Segment Intersection

Question

Here is a question from CLRS. A disk consists of a circle plus its interior and is represented by its center point and radius. Two disks intersect if they have any point in common. Give an O(n lg n)-time algorithm to determine whether any two disks in a set of n intersect.

Its not my home work. I think we can take the horizontal diameter of every circle to be the representing line segment. If two orders come consecutive, then we check the length of the distances between the two centers. If its less than or equal to the sum of the radii of the circles, then they intersect.

Please let me know if m correct.

Answer 1

No your algorithm will not work. This is because unlike in case of line intersection, it is possible that the circle/disc intersecting the disc in hand is not consecutive. Let me give you an example.. Assuming you are making line segments out of circles by joining their left-most and right most points, and then using the CLRS algo to find if any lines intersect.

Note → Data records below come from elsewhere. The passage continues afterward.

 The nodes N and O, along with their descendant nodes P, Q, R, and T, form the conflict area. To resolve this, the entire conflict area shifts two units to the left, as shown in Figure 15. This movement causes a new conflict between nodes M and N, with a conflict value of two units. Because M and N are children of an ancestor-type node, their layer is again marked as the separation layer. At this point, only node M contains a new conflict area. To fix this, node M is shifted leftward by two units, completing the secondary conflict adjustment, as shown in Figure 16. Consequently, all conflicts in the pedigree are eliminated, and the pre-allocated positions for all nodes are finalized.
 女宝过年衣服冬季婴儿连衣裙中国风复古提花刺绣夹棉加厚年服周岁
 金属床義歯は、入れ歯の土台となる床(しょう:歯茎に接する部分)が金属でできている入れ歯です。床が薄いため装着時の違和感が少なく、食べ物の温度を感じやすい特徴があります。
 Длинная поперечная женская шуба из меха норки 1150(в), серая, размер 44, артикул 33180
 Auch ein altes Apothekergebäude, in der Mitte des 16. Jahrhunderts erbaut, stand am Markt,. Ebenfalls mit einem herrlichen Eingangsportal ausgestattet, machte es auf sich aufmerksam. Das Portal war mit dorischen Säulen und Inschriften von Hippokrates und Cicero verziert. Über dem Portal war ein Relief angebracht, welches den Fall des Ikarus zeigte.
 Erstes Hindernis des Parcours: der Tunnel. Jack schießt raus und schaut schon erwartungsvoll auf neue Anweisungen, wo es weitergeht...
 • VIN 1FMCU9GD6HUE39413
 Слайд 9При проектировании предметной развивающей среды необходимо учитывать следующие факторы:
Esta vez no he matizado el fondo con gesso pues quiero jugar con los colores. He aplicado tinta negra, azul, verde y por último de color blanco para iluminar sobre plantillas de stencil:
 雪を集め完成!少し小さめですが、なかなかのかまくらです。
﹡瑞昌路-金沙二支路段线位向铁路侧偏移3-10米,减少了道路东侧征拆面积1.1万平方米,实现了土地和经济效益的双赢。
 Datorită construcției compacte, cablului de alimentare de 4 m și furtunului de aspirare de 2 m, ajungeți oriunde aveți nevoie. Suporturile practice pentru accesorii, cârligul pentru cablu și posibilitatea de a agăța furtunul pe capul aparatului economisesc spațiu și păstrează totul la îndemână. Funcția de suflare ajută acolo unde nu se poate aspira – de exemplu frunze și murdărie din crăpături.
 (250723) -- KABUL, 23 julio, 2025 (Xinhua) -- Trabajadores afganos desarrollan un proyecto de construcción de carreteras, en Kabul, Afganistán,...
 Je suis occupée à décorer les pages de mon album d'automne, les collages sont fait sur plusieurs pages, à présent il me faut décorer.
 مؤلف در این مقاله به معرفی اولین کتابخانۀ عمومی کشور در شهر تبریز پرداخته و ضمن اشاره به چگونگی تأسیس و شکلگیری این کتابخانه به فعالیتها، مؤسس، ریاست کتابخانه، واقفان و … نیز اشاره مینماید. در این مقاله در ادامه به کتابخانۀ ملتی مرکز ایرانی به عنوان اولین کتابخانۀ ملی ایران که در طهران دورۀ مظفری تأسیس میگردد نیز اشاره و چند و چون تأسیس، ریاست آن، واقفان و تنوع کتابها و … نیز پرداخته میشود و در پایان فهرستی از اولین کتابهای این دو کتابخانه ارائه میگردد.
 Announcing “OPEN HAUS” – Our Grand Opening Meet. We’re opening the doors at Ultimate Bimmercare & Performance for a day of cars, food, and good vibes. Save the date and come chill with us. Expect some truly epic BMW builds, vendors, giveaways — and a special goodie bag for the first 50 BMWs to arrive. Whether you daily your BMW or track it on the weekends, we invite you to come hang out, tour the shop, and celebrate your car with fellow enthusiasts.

You will find that at p3, the c3 is never consecutive to c1, but it intersects with c1.

The diagram

Answer 2

Another approach to solve the problem:

1. Divide the plane using a grid whose diameter is that of the biggest circle.
2. Use a hashing algorithm to classify the grid cells in N groups.
3. For every circle calculate the grid cells it overlaps and the corresponding groups.
4. Get all the circles in a group and...
   1. Check if the biggest circle touches any other circle in the group.
   2. Recurse applying this algorithm to the remaining circles in the group.

This same algorithm implemented in scala: https://github.com/salva/simplering/blob/master/touching/src/main/scala/org/vesbot/simplering/touching/Circle.scala

Answer 3

Build a Voronoi diagram for disk centers. This is an O(n log n) job.

Now for each edge of the diagram take the corresponding pair of centers and check whether their disk intersect.

Answer 4

1. Build a k-d tree with the centres of the circles.
2. For every circle (p, r), find using the k-d tree the set S of circles whose centres are nearer than 2r from p.
3. Check if any of the circles in S touches the current circle.

I think the average cost for this algorithm is O(NlogN).

The logic is that we loop over the set O(N), and for every element get a subset of elements near O(NlogN), so, a priori, the complexity is O(N^2 logN). But we also have to consider that the probability of two random circles being less than 2r apart and not touching is lesser than 3/4 (if they touch we can short-circuit the algorithm).

That means that the average size of S is probabilistically limited to be a small value.